═════ Study material
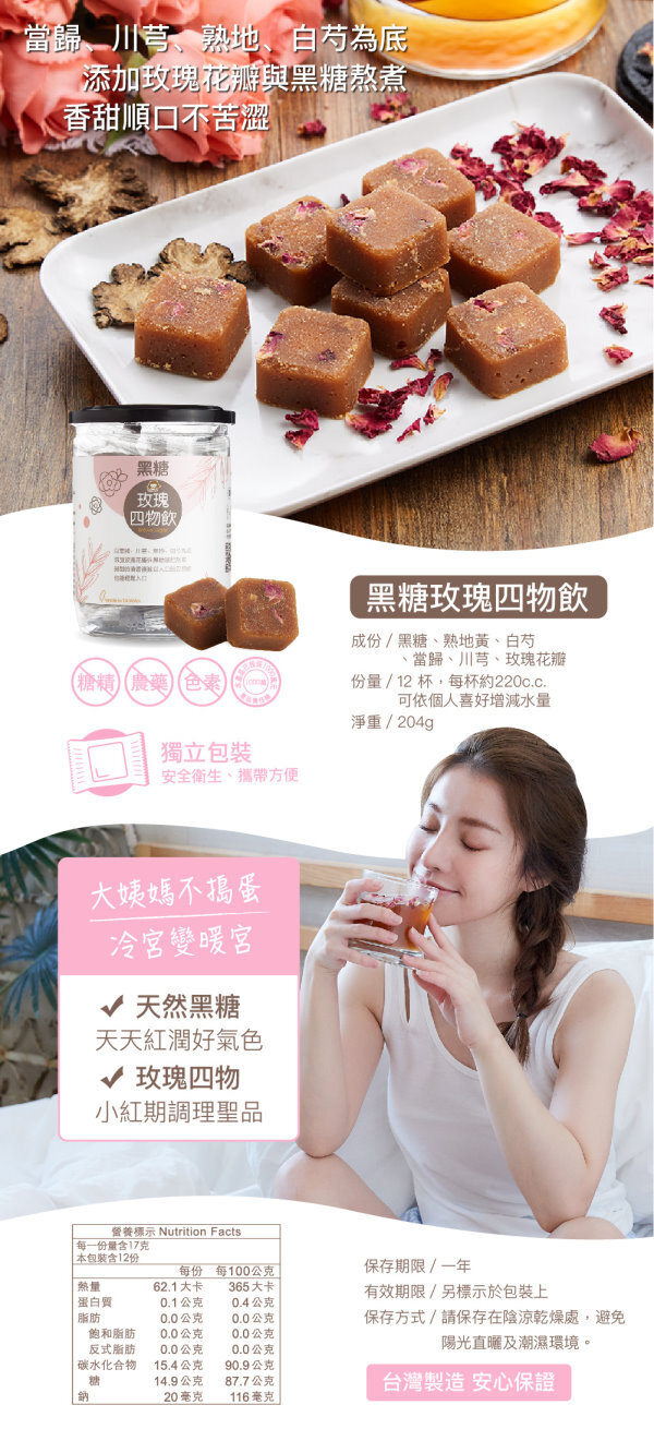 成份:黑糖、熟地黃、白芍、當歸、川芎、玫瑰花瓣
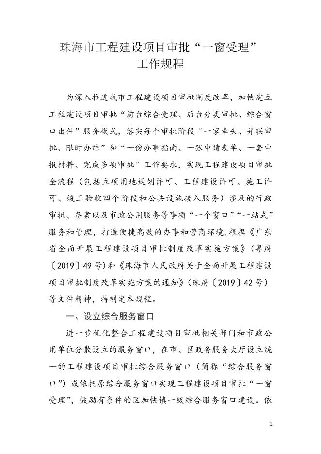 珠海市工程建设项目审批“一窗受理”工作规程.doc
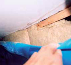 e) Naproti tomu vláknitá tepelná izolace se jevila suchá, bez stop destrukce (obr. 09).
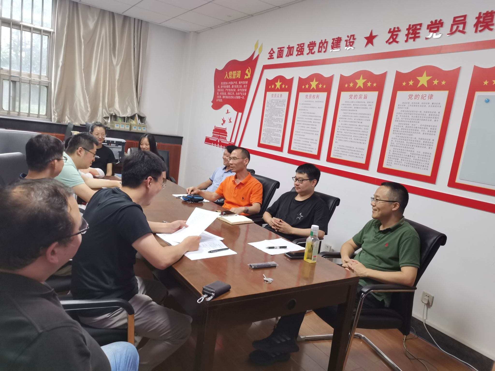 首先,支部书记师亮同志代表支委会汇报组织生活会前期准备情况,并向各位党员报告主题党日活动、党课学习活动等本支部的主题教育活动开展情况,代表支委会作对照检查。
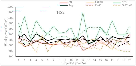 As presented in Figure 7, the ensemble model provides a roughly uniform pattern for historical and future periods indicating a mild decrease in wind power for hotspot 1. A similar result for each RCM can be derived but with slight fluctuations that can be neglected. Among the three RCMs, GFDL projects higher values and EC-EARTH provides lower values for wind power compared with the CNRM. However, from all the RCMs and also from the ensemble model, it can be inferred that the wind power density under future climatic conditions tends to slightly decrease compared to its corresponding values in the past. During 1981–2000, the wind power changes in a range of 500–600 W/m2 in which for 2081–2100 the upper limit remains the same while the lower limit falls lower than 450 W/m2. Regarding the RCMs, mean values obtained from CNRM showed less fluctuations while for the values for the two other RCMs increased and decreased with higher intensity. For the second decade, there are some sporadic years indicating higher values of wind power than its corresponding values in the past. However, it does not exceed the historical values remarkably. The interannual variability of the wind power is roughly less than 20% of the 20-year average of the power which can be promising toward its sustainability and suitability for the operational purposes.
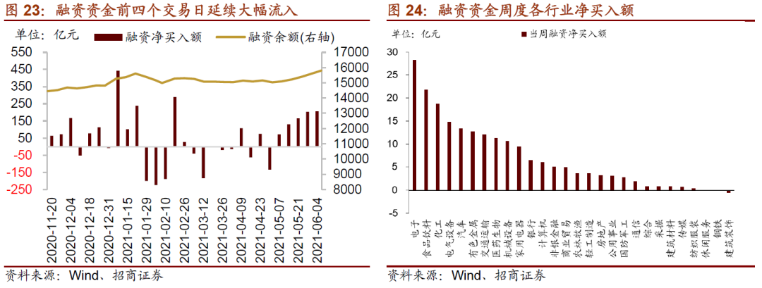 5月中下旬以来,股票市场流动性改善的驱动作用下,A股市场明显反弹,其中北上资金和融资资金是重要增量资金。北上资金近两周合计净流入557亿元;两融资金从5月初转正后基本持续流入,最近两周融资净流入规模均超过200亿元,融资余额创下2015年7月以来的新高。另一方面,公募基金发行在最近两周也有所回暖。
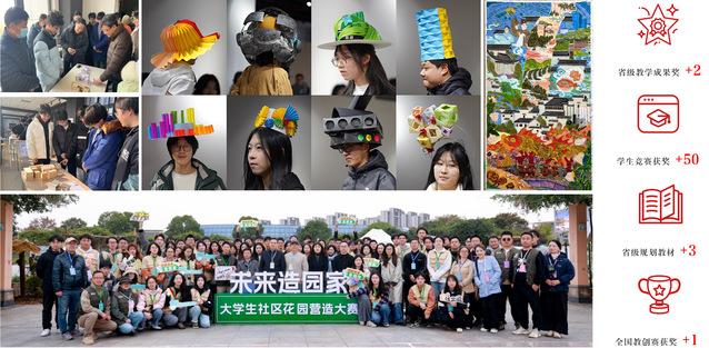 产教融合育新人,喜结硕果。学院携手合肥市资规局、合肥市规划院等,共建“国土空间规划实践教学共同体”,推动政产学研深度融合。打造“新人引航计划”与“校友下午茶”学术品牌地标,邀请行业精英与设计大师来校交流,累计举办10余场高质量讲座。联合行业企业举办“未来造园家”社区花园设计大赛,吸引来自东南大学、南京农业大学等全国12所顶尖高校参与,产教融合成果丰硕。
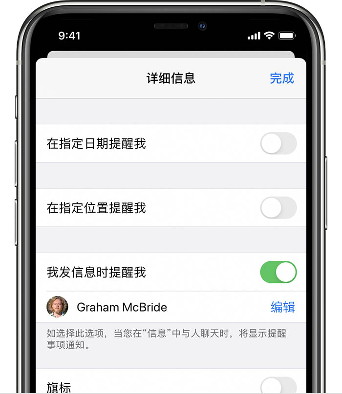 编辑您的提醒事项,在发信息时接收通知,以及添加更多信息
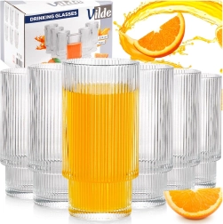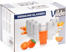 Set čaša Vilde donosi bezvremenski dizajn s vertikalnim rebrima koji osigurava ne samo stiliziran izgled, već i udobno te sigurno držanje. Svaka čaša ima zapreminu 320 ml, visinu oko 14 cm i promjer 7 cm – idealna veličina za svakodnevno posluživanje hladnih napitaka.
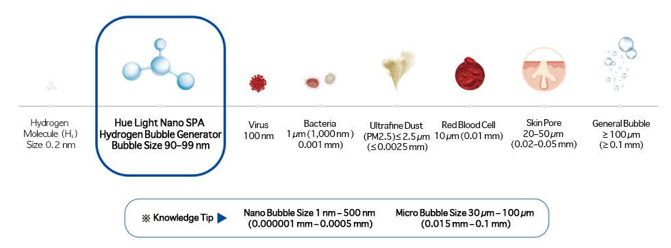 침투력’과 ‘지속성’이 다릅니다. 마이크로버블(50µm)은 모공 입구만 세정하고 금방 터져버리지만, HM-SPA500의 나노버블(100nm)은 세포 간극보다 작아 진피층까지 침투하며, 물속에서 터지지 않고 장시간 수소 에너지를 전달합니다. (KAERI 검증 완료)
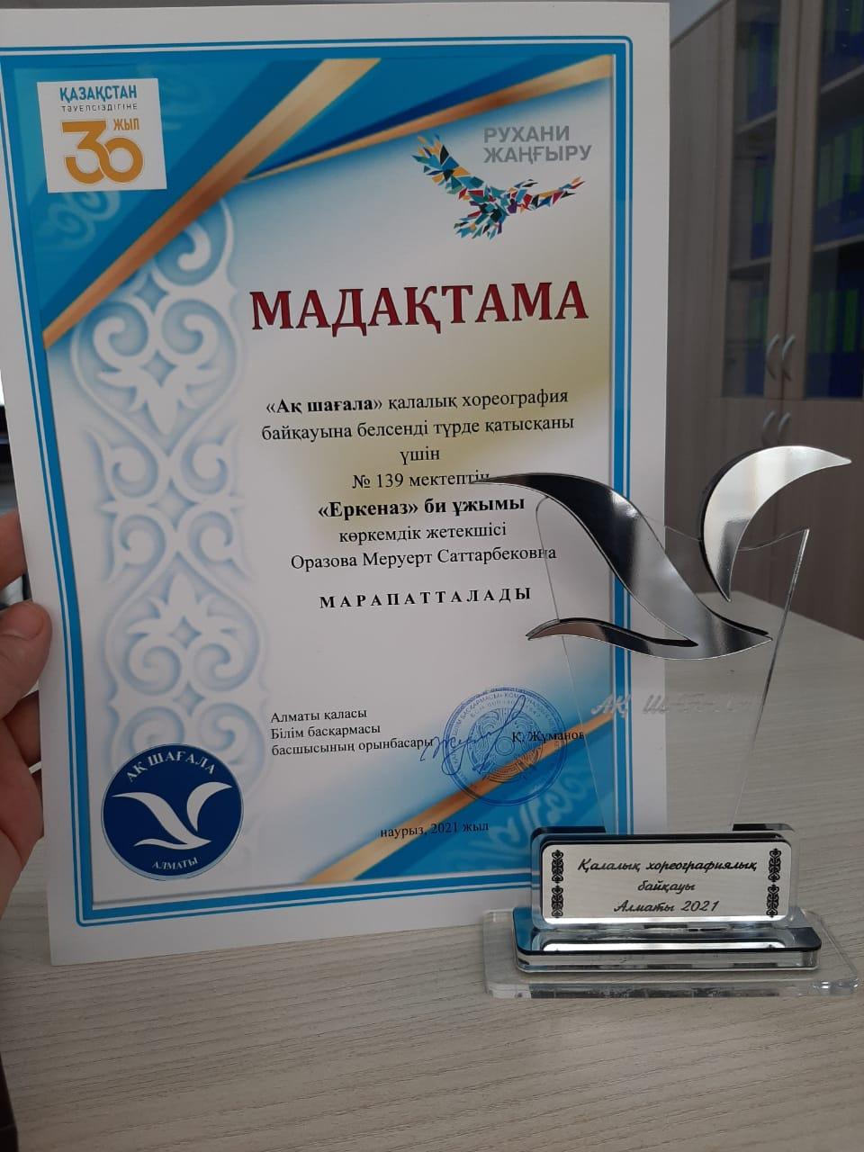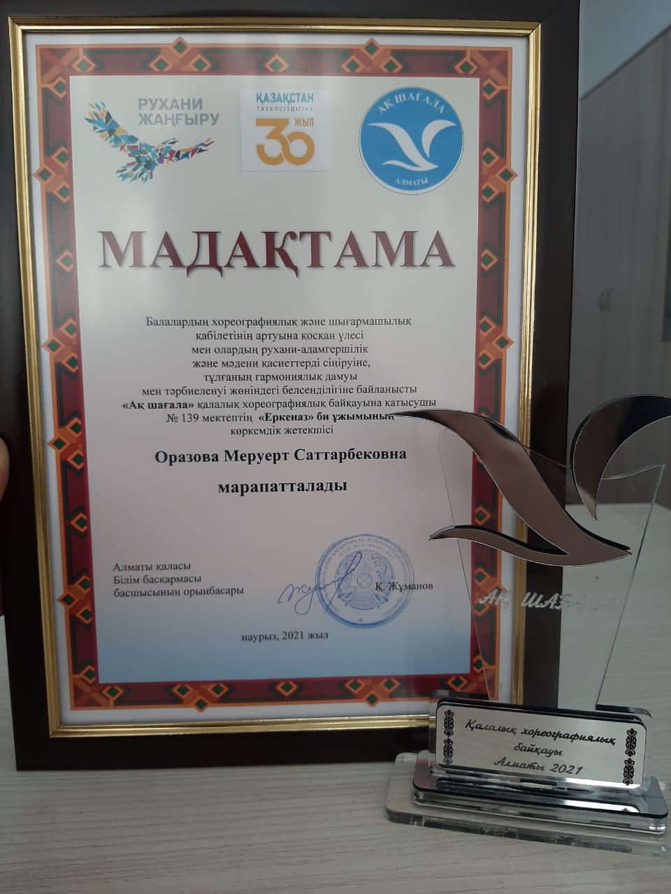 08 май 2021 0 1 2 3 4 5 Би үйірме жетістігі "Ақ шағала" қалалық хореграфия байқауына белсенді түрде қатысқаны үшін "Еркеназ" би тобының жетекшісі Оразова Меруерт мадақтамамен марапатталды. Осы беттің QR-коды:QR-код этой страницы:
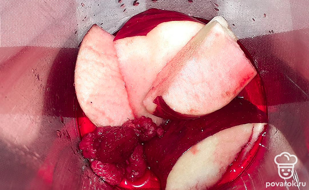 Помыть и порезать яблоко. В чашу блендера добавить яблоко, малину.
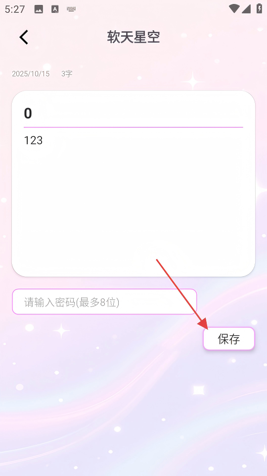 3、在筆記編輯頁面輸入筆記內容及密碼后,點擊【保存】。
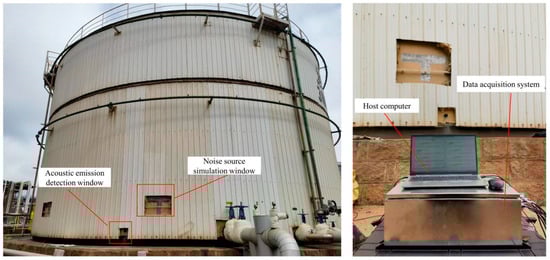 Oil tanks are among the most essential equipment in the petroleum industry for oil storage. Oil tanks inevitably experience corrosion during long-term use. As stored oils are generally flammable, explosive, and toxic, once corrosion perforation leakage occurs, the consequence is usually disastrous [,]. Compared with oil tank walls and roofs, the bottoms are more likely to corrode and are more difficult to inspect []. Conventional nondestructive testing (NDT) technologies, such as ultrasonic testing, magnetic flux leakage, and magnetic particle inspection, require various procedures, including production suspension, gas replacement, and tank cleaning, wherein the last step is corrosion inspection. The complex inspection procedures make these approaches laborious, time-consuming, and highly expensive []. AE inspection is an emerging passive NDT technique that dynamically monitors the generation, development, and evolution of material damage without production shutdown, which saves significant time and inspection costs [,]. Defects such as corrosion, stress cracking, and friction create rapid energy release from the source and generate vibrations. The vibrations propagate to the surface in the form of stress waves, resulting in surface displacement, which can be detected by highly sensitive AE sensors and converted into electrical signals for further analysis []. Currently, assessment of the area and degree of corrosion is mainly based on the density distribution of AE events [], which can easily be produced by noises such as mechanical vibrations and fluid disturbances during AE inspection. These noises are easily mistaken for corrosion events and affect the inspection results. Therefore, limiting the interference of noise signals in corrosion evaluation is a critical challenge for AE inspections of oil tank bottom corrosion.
══════════
Task objective ▸ Extract, without any images, the part of the material above that opens with the line containing "침투력’과 ‘지속성’이 다릅니다." and closes with the line containing "3、在筆記編輯頁面輸入筆記內容及密碼后,點擊【保存】。", both lines included.

Solution to the exercise ▸
 침투력’과 ‘지속성’이 다릅니다. 마이크로버블(50µm)은 모공 입구만 세정하고 금방 터져버리지만, HM-SPA500의 나노버블(100nm)은 세포 간극보다 작아 진피층까지 침투하며, 물속에서 터지지 않고 장시간 수소 에너지를 전달합니다. (KAERI 검증 완료)
 08 май 2021 0 1 2 3 4 5 Би үйірме жетістігі "Ақ шағала" қалалық хореграфия байқауына белсенді түрде қатысқаны үшін "Еркеназ" би тобының жетекшісі Оразова Меруерт мадақтамамен марапатталды. Осы беттің QR-коды:QR-код этой страницы:
 Помыть и порезать яблоко. В чашу блендера добавить яблоко, малину.
 3、在筆記編輯頁面輸入筆記內容及密碼后,點擊【保存】。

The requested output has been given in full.